Cela met en lumière quelques leçons durables. Un renseignement et un travail policier patients : traiter le terrorisme avant tout comme une affaire de maintien de l'ordre et de renseignement, plutôt que comme une guerre classique, tend à démanteler les réseaux de manière plus fiable et avec moins de dommages collatéraux. Des sorties politiques : offrir des voies non violentes pour répondre à de véritables griefs peut tarir le soutien d'un mouvement et séparer les jusqu'au-boutistes de ceux qui sont prêts au compromis. Plusieurs longues insurrections se sont achevées à une table de négociation plutôt que sur un champ de bataille. Une force proportionnée et légitime : lorsque la force est employée, la maintenir ciblée et conforme au droit préserve la supériorité morale et prive les militants du récit de la provocation. La confiance des communautés : les politiques qui protègent plutôt qu'elles ne punissent les communautés au sein desquelles les militants tentent de se dissimuler maintiennent le flux d'informations ouvert.

Rien de tout cela n'est rapide ni satisfaisant. Le contre-terrorisme qui fonctionne tend à être lent, légaliste et peu spectaculaire, à l'opposé de ce que des publics effrayés réclament souvent au lendemain d'une attaque. Mais l'expérience suggère que la résilience compte autant que la riposte. Les sociétés qui encaissent les attaques sans renoncer à leurs libertés ni à leur cohésion privent les terroristes de la seule chose qu'ils désirent le plus : un ennemi transformé en ce monstre qu'ils prétendaient qu'il avait toujours été.

Vivre avec le risque

Une dernière vérité inconfortable est que le terrorisme ne peut être ramené à zéro, et le traiter comme si cela était possible fausse l'action publique. Statistiquement, dans la plupart des pays riches et stables, la probabilité pour un individu de mourir dans une attaque terroriste est extrêmement faible, bien inférieure aux risques quotidiens que les gens acceptent sans y penser. Il ne s'agit pas de minimiser l'horreur d'une attaque ni le chagrin de ses victimes, qui sont réels et durables. Il s'agit de dire que la puissance psychologique du terrorisme, sa capacité à dominer les unes et à remodeler la politique, est démesurément hors de proportion avec les dommages physiques qu'il cause.

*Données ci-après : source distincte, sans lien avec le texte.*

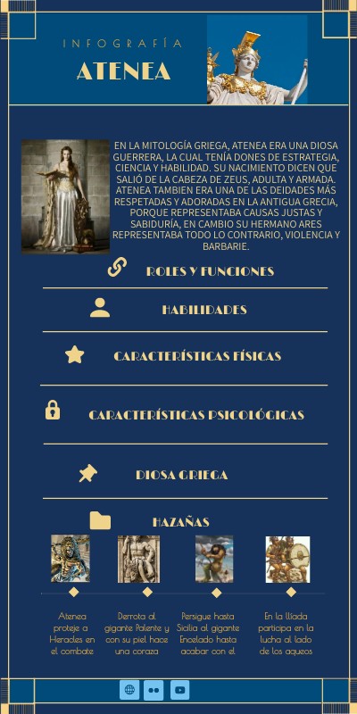 En la mitología griega, atenea era una diosa guerrera, la cual tenía dones de estrategia, ciencia y habilidad. Su nacimiento dicen que salió de la cabeza de zeus, adulta y armada. atenea tambien era una de las deidades más respetadas y adoradas en la antigua grecia, porque representaba causas justas y sabiduría, en cambio su hermano ares representaba todo lo contrario, violencia y barbarie.

Cette asymétrie est précisément le ressort de la tactique, et la reconnaître est en soi une forme de défense. Un public qui comprend le terrorisme comme une stratégie de la peur est plus difficile à entraîner vers la surréaction. Des réponses calmes et fondées sur des données, ancrées dans l'État de droit et proportionnées à la menace réelle, privent le terrorisme de son oxygène. Le but du contre-terrorisme, en fin de compte, n'est pas seulement d'empêcher la prochaine attaque, mais de refuser le marché plus large que propose le terroriste, à savoir échanger une société ouverte contre l'illusion d'une sécurité parfaite.

Points clés à retenir

Le terrorisme se comprend mieux non comme une sauvagerie aléatoire, mais comme une stratégie délibérée de communication par la peur, employée le plus souvent par des groupes trop faibles pour l'emporter par des moyens classiques et dirigée vers un public bien plus vaste que les victimes immédiates. Ses finalités, la coercition, la provocation, le sabotage, la surenchère et la mobilisation, sont cohérentes même lorsque ses actes sont monstrueux, et c'est précisément pourquoi les réponses efficaces doivent l'être aussi. Les données plaident systématiquement en faveur d'un renseignement et d'un travail policier patients, d'une force légale et proportionnée, de véritables sorties politiques pour les griefs légitimes, et de la confiance des communautés que les militants cherchent à exploiter, tout en mettant en garde contre la surréaction et la punition collective qui offrent aux militants leurs victoires de propagande. La plupart des groupes terroristes de l'histoire ont pris fin par la politique ou le travail policier plutôt que par la conquête militaire, et les sociétés qui s'en sortent le mieux sont celles qui sont assez résilientes pour encaisser une attaque sans abandonner l'ordre ouvert et respectueux du droit qui est, en vérité, la cible la plus difficile de toutes.